▶ **Data excerpt**:
=====
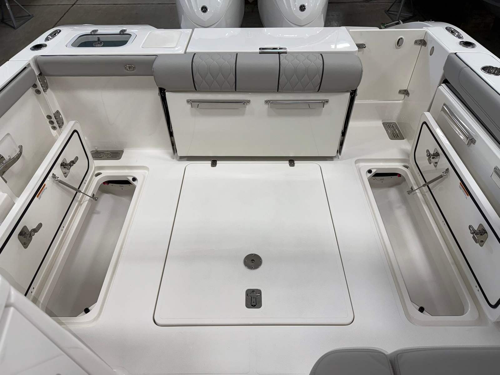 The Pursuit 326 DC is as practical as it is stylish. Thoughtful storage compartments make it easy to keep the deck clutter-free, while the intuitive layout simplifies movement around the boat. Docking is a breeze thanks to the responsive handling and well-placed cleats, making it easy to tie up at your favorite marina or waterfront restaurant. The efficient hull design contributes to fuel savings, allowing you to spend more time on the water and less time refueling. Whether you are planning a quick day trip or an extended adventure, this dual console boat for sale is equipped to meet your needs with ease and convenience.
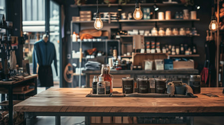 Warmly lit interior of a rustic shop with wooden tables displaying artisanal products. Highlights themes of handmade goods, retail ambiance, and boutique decor.
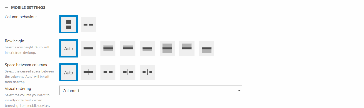 The Mobile settings section is for you to control how the row should behave when shown on smaller screens such as mobiles. These can either inherit behavior from the Row settings section or individually configured.
=====
▶ **Work instructions**: Leaving the pictures aside, transcribe only the lines from the one containing "Warmly lit interior" to the final line of the listing above, inclusive, exactly as they appear.

▶ **Exercise answer**:
 Warmly lit interior of a rustic shop with wooden tables displaying artisanal products. Highlights themes of handmade goods, retail ambiance, and boutique decor.
 The Mobile settings section is for you to control how the row should behave when shown on smaller screens such as mobiles. These can either inherit behavior from the Row settings section or individually configured.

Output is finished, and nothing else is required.